◆ What the task requires ◆
Return each line of the records with nothing changed, pictures excepted.

◆ Records shown ◆
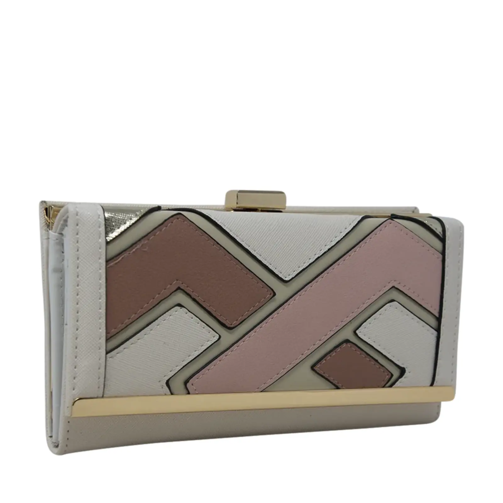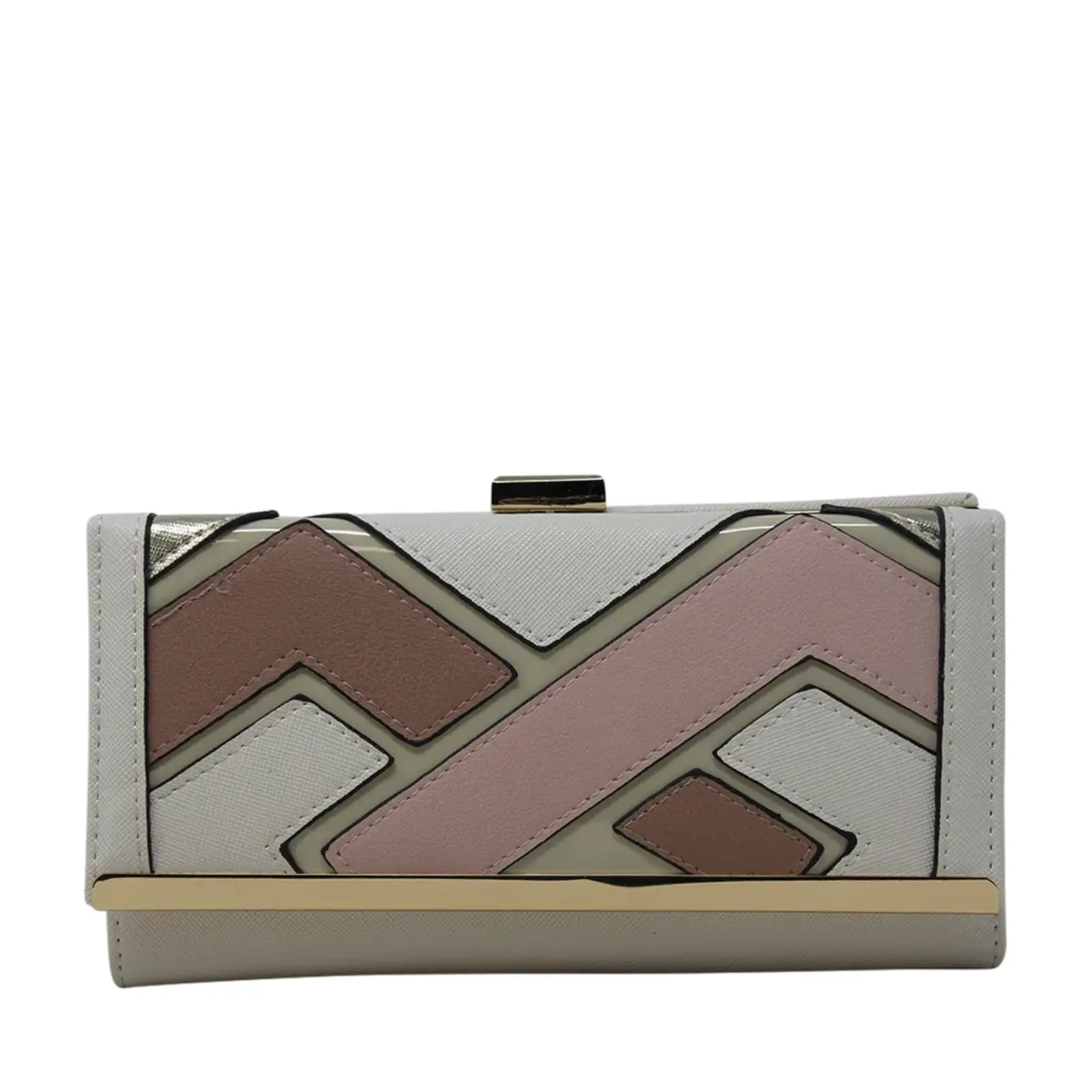 Beautiful faux leather clutch with clip top compartment Mixed pattern design with croc print panel inserts Gold tone hardware Foldout design Internal card slots Zip coin compartment L x W x H – 19.5cm x 3.5cm x 10cm.
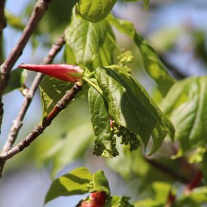 ウワミズザクラ バラ科ウワミズザクラ属 落葉高木 別名はハハカ、コンゴウザクラ、アンニンゴ、ウワミゾなど。 和名のウワミズザクラは、古代の亀朴(亀甲占い)で上面に溝を彫った板に使われていたことに由来する。また、葉がサクラに似ていることから「上溝咲」となり、転訛したとされている。 北海道西南部、本州、四国、九州に分布。 暖地の山野に自生し、日当たりの良い谷間、沢の斜面、小川沿い、雑木林などに生育する。 花期4〜6月 葉が芽吹いて展開したあとに、長さ6〜10cmの白い総状花序が出て、多数の雄しべが目立ちブラシのように見える。 ①〜③ 4/18撮影 ④⑤ 3/28撮影(新芽と花芽) 🏷️木曜日は木 に参加させていただきます。
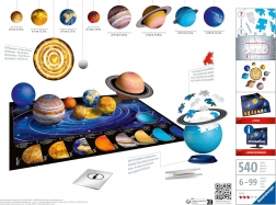 Vďaka kvalitnému spracovaniu RAVENSBURGER je skladanie plynulé, zábavné a poučné. Hotové planéty môžete zavesiť alebo vystaviť na stojanček a vytvoriť si doma efektný model vesmíru. Súčasťou je aj obojstranný plagát s informáciami (popisky v cudzom jazyku) a obrázkový návod na ľahký začiatok.
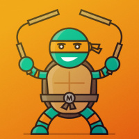 The image features an illustration of Michelangelo, one of the Teenage Mutant
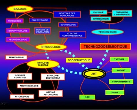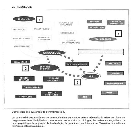 Ce que lâartiste appelle âart-taxonomiqueâ, pourrait agir comme une discipline compagne de la pataphysique de Baudrillard. Dans les schĂ©mas et les fulgurances de Louis Bec, le sens se dissout lui aussi. Dans cette discipline scientifique fabulatoire, le zoosystĂ©micien est autant Ă lâĂ©tude que ses sujets dâĂ©tudes et de pensĂ©e, qui, eux, sont ses crĂ©ations. Lâartiste conçoit ici une nouvelle discipline poĂ©tique et scientifique qui permet dâexplorer et dâexpĂ©rimenter le schĂ©ma de la pensĂ©e moderne et taxonomique, qui fige le sens des choses et tente depuis bien longtemps un recensement exhaustif de lâunivers.
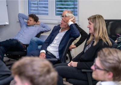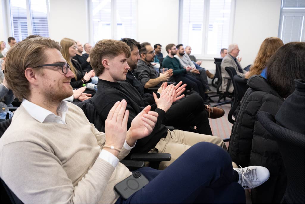 Im Anschluss an den offiziellen Teil blieb beim gemeinsamen Get-together mit Snacks und Getränken noch ausreichend Zeit für persönliche Gespräche, Fragen und einen offenen Austausch in entspannter Atmosphäre. Wir bedanken uns bei unseren Gästen von AXAITRA für den Besuch, die offenen Worte und den spannenden Einblick und freuen uns auf die weitere Zusammenarbeit innerhalb der Gruppe.
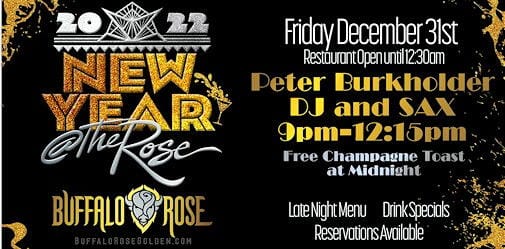 Celebrate the New Year at Buffalo Rose restaurant. The restaurant is open until 12:30AM with live music 9PM – 12:15AM with Peter Burkholder DJ & Sax. No cover. Free champagne toast at midnight. Prime rib special available for $29. Regular menu available until 10:45pm and late menu available 11:00-11:45pm. Drink specials are available all night. Reservations can be made at the restaurant. It’s going to be a fun night of live music, great food, and delicious drinks so make plans now to spend New Year’s Eve at Buffalo Rose restaurant.
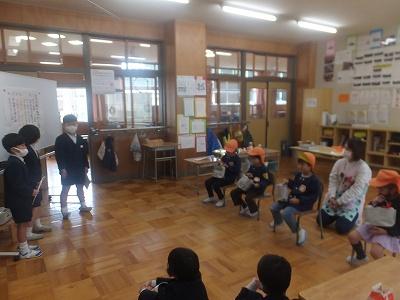 さて、本日は 1,2年生が保育園の年長さんをお招きしての
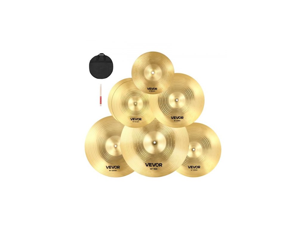 Sada činelů , 6 kusů, 254/355/400/455/505 mm (10, 14, 16, 18, 20 palců), činely pro bicí
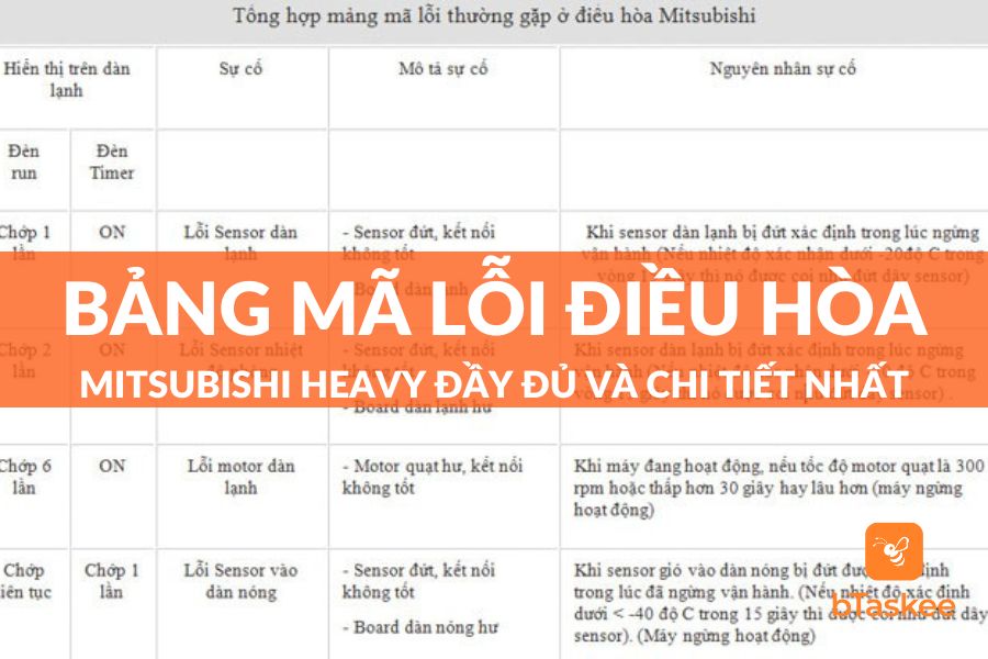 Bảng mã lỗi điều hòa Mitsubishi Heavy hữu ích cho người dùng trong quá trình sử dụng. Hãy yên tâm và tham khảo mã lỗi bTaskee chia sẻ dưới đây để tìm hiểu nguyên nhân và cách khắc phục một cách chính xác và đơn giản nhất!
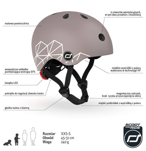 - Kask ScootAndRide 1-5 lat XXS - S (na obwód głowy od 45 do 51 cm) w kolorze hulajnogi.
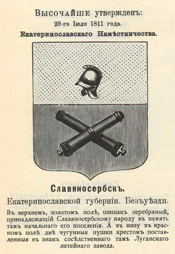 Keywords: Славяносербск из Винклера.jpg Official Russian Empire coat of arm Ге б Российской Импе ии безъуездного го ода Славяносе бск Екате инославской губе нии с официальным описанием в Ге бовнике Винкле а П П фон-Винкле Ге бы го одов губе ний областей и посадов Российской Импе ии внесенные в Полное Соб ание законов с 1649 по 1900 год Дозволено цензу ою С -Пете бу г 20 Июля 1899 года Издание книгото говца Ив Ив Иванова С -Пете бу г Типог афия И Комелова П яжка д 3 1899 \ Scanned by Vizu 1811 \ 1899 published П П фон Винкле \ Pavel von Vinkler PD-old PD-RusEmpire PD-RU-exempt coats of arms Gerbovnik Vinklera - City CoAs Coats of arms of Ekaterinoslav Governorate |
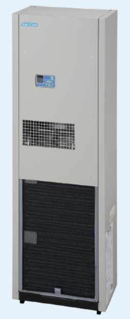 This unit is a cooling device specifically designed for sealed control panels, employing a refrigeration cycle that incorporates a compressor. The internal circulation fan draws the warm air from inside the control panel into the evaporator (cooler) within the unit, and returns it to the control panel as cool air. This process maintains a low temperature inside the control panel, even in locations with high ambient temperatures, without compromising the sealed state, thereby protecting the internal equipment and electronic devices from heat damage.
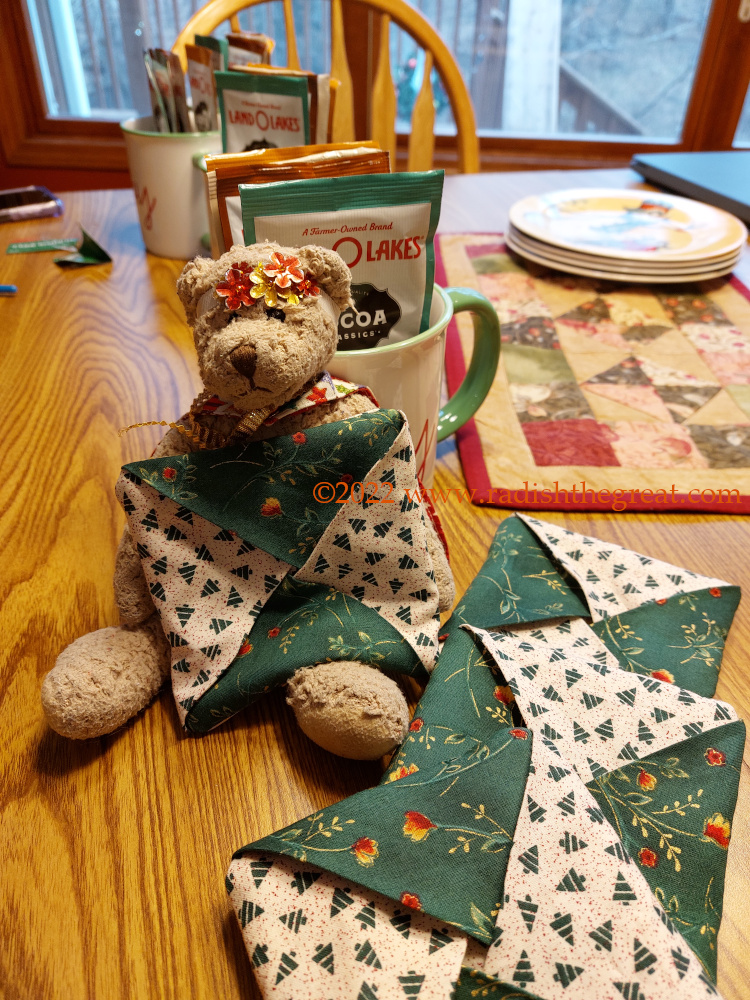 This is the second time I have made these flippy thingies for her with Christmas fabric; I made a set in 2017 after we saw some at a local quilt shop. As that was a few beers ago, I followed this video from YouTube.
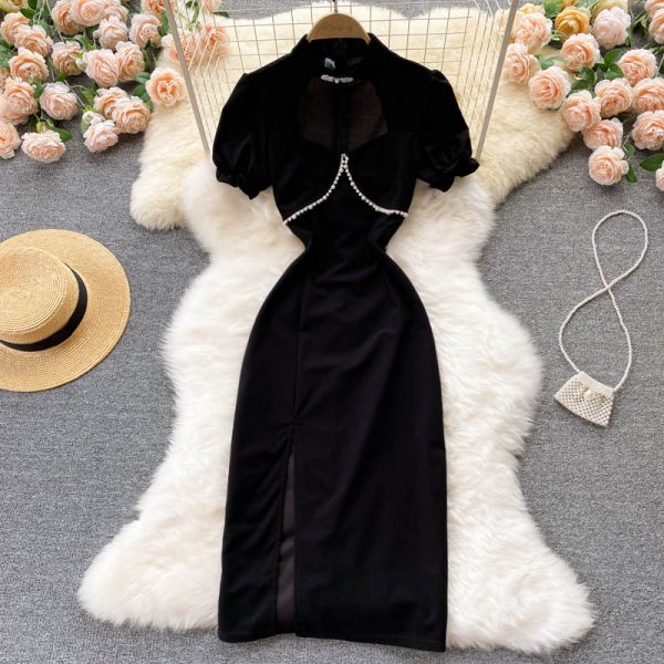 Vintage Black Hollow Out Beading Bodycon Mini Dress Sexy Stand Collar Short Sleeve High Waist Slim Vestidos Female Party Robe
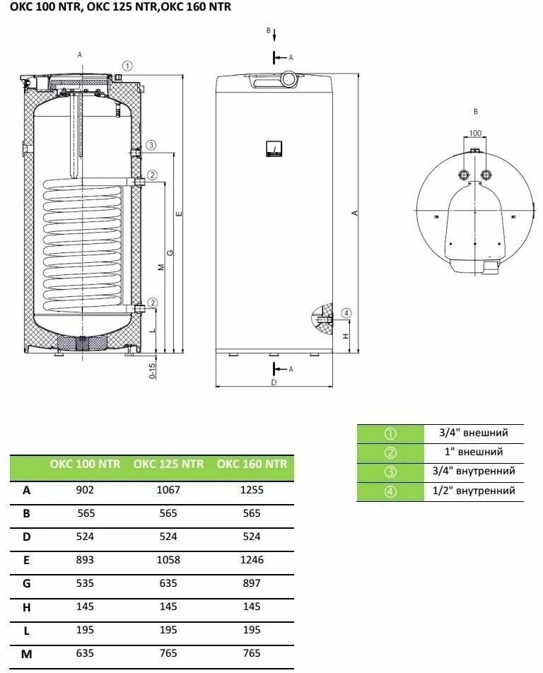 Type of water heater: accumulative, tank volume: 87 l, heating method: indirect, installation: floor, position: vertical, connection: top, side, internal coating of the tank: enamel, mains voltage: 220, consumed
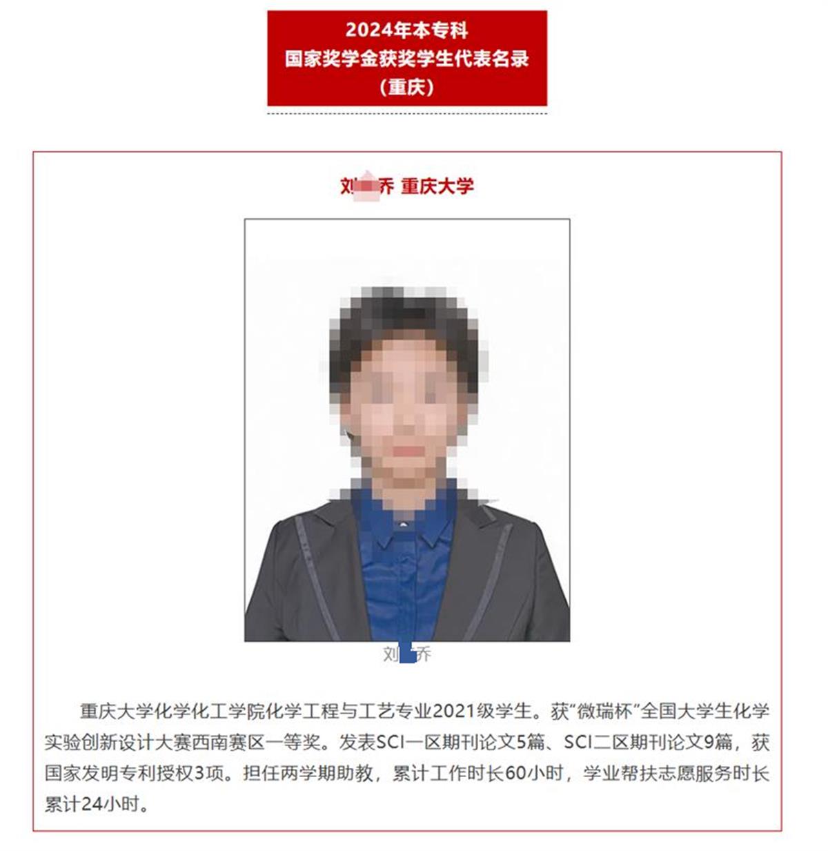 媒体报道显示,SCI论文方面,以重庆大学、刘某乔姓名作为关键词,在“ReseachGate”官网检索看见,确有14篇来自重庆大学刘某乔的SCI论文发表,其中最近一篇的发布时间为2024年11月。不过在这14篇论文中,刘某乔均非第一作者。多篇论文的作者列表里,出现了重大教授刘某华、刘某龙等。
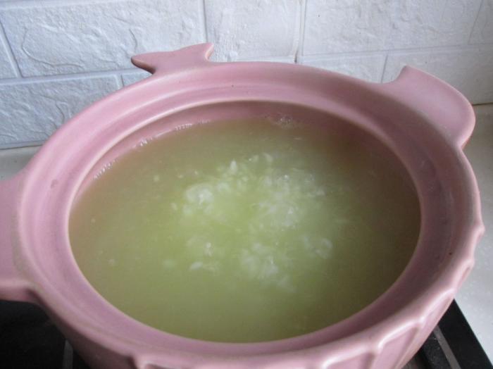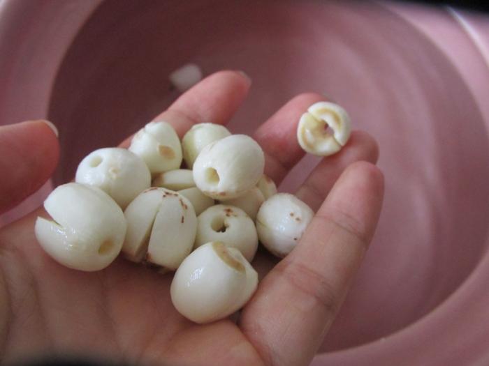 第三步:砂鍋裏放入清水,把蓮子放入,經過浸泡的蓮子很快就可以熟透,在這個季節也可以用新鮮蓮子來做。蓮子可補脾益胃、養心安神、清熱去火等,經常吃一些,可以健腦,增强記憶力,提高工作效率,並能預防老年癡呆的發生。是中老年人强身防病、抗衰延壽的滋補食材,家裡可以常年備著,經常吃一些。
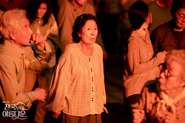 천국으로 간 해숙(김혜숙)이 그곳에서 남편 낙준(손석구)을 만나 벌어지는 일들을 그리던 <천국보다 아름다운>에서 갑자기 지옥의 풍경이 펼쳐진 건 해숙이 천국에서 잘못을 저질러 그곳에 떨어지게 되면서다. 해숙은 어느 지옥으로 갈지 정해지는 심사대에서 ‘미분류’가 되어 다시 죄의 무게를 달아 보고 결국 천국으로 돌아오게 되지만, 그 과정에서 지옥의 끔찍한 광경들이 스펙터클하게 펼쳐진다.

◆ Solution to the exercise ◆
 Beautiful faux leather clutch with clip top compartment Mixed pattern design with croc print panel inserts Gold tone hardware Foldout design Internal card slots Zip coin compartment L x W x H – 19.5cm x 3.5cm x 10cm.
 ウワミズザクラ バラ科ウワミズザクラ属 落葉高木 別名はハハカ、コンゴウザクラ、アンニンゴ、ウワミゾなど。 和名のウワミズザクラは、古代の亀朴(亀甲占い)で上面に溝を彫った板に使われていたことに由来する。また、葉がサクラに似ていることから「上溝咲」となり、転訛したとされている。 北海道西南部、本州、四国、九州に分布。 暖地の山野に自生し、日当たりの良い谷間、沢の斜面、小川沿い、雑木林などに生育する。 花期4〜6月 葉が芽吹いて展開したあとに、長さ6〜10cmの白い総状花序が出て、多数の雄しべが目立ちブラシのように見える。 ①〜③ 4/18撮影 ④⑤ 3/28撮影(新芽と花芽) 🏷️木曜日は木 に参加させていただきます。
 Vďaka kvalitnému spracovaniu RAVENSBURGER je skladanie plynulé, zábavné a poučné. Hotové planéty môžete zavesiť alebo vystaviť na stojanček a vytvoriť si doma efektný model vesmíru. Súčasťou je aj obojstranný plagát s informáciami (popisky v cudzom jazyku) a obrázkový návod na ľahký začiatok.
 The image features an illustration of Michelangelo, one of the Teenage Mutant
 Ce que lâartiste appelle âart-taxonomiqueâ, pourrait agir comme une discipline compagne de la pataphysique de Baudrillard. Dans les schĂ©mas et les fulgurances de Louis Bec, le sens se dissout lui aussi. Dans cette discipline scientifique fabulatoire, le zoosystĂ©micien est autant Ă lâĂ©tude que ses sujets dâĂ©tudes et de pensĂ©e, qui, eux, sont ses crĂ©ations. Lâartiste conçoit ici une nouvelle discipline poĂ©tique et scientifique qui permet dâexplorer et dâexpĂ©rimenter le schĂ©ma de la pensĂ©e moderne et taxonomique, qui fige le sens des choses et tente depuis bien longtemps un recensement exhaustif de lâunivers.
 Im Anschluss an den offiziellen Teil blieb beim gemeinsamen Get-together mit Snacks und Getränken noch ausreichend Zeit für persönliche Gespräche, Fragen und einen offenen Austausch in entspannter Atmosphäre. Wir bedanken uns bei unseren Gästen von AXAITRA für den Besuch, die offenen Worte und den spannenden Einblick und freuen uns auf die weitere Zusammenarbeit innerhalb der Gruppe.
 Celebrate the New Year at Buffalo Rose restaurant. The restaurant is open until 12:30AM with live music 9PM – 12:15AM with Peter Burkholder DJ & Sax. No cover. Free champagne toast at midnight. Prime rib special available for $29. Regular menu available until 10:45pm and late menu available 11:00-11:45pm. Drink specials are available all night. Reservations can be made at the restaurant. It’s going to be a fun night of live music, great food, and delicious drinks so make plans now to spend New Year’s Eve at Buffalo Rose restaurant.
 さて、本日は 1,2年生が保育園の年長さんをお招きしての
 Sada činelů , 6 kusů, 254/355/400/455/505 mm (10, 14, 16, 18, 20 palců), činely pro bicí
 Bảng mã lỗi điều hòa Mitsubishi Heavy hữu ích cho người dùng trong quá trình sử dụng. Hãy yên tâm và tham khảo mã lỗi bTaskee chia sẻ dưới đây để tìm hiểu nguyên nhân và cách khắc phục một cách chính xác và đơn giản nhất!
 - Kask ScootAndRide 1-5 lat XXS - S (na obwód głowy od 45 do 51 cm) w kolorze hulajnogi.
 Keywords: Славяносербск из Винклера.jpg Official Russian Empire coat of arm Ге б Российской Импе ии безъуездного го ода Славяносе бск Екате инославской губе нии с официальным описанием в Ге бовнике Винкле а П П фон-Винкле Ге бы го одов губе ний областей и посадов Российской Импе ии внесенные в Полное Соб ание законов с 1649 по 1900 год Дозволено цензу ою С -Пете бу г 20 Июля 1899 года Издание книгото говца Ив Ив Иванова С -Пете бу г Типог афия И Комелова П яжка д 3 1899 \ Scanned by Vizu 1811 \ 1899 published П П фон Винкле \ Pavel von Vinkler PD-old PD-RusEmpire PD-RU-exempt coats of arms Gerbovnik Vinklera - City CoAs Coats of arms of Ekaterinoslav Governorate |
 This unit is a cooling device specifically designed for sealed control panels, employing a refrigeration cycle that incorporates a compressor. The internal circulation fan draws the warm air from inside the control panel into the evaporator (cooler) within the unit, and returns it to the control panel as cool air. This process maintains a low temperature inside the control panel, even in locations with high ambient temperatures, without compromising the sealed state, thereby protecting the internal equipment and electronic devices from heat damage.
 This is the second time I have made these flippy thingies for her with Christmas fabric; I made a set in 2017 after we saw some at a local quilt shop. As that was a few beers ago, I followed this video from YouTube.
 Vintage Black Hollow Out Beading Bodycon Mini Dress Sexy Stand Collar Short Sleeve High Waist Slim Vestidos Female Party Robe
 Type of water heater: accumulative, tank volume: 87 l, heating method: indirect, installation: floor, position: vertical, connection: top, side, internal coating of the tank: enamel, mains voltage: 220, consumed
 媒体报道显示,SCI论文方面,以重庆大学、刘某乔姓名作为关键词,在“ReseachGate”官网检索看见,确有14篇来自重庆大学刘某乔的SCI论文发表,其中最近一篇的发布时间为2024年11月。不过在这14篇论文中,刘某乔均非第一作者。多篇论文的作者列表里,出现了重大教授刘某华、刘某龙等。
 第三步:砂鍋裏放入清水,把蓮子放入,經過浸泡的蓮子很快就可以熟透,在這個季節也可以用新鮮蓮子來做。蓮子可補脾益胃、養心安神、清熱去火等,經常吃一些,可以健腦,增强記憶力,提高工作效率,並能預防老年癡呆的發生。是中老年人强身防病、抗衰延壽的滋補食材,家裡可以常年備著,經常吃一些。
 천국으로 간 해숙(김혜숙)이 그곳에서 남편 낙준(손석구)을 만나 벌어지는 일들을 그리던 <천국보다 아름다운>에서 갑자기 지옥의 풍경이 펼쳐진 건 해숙이 천국에서 잘못을 저질러 그곳에 떨어지게 되면서다. 해숙은 어느 지옥으로 갈지 정해지는 심사대에서 ‘미분류’가 되어 다시 죄의 무게를 달아 보고 결국 천국으로 돌아오게 되지만, 그 과정에서 지옥의 끔찍한 광경들이 스펙터클하게 펼쳐진다.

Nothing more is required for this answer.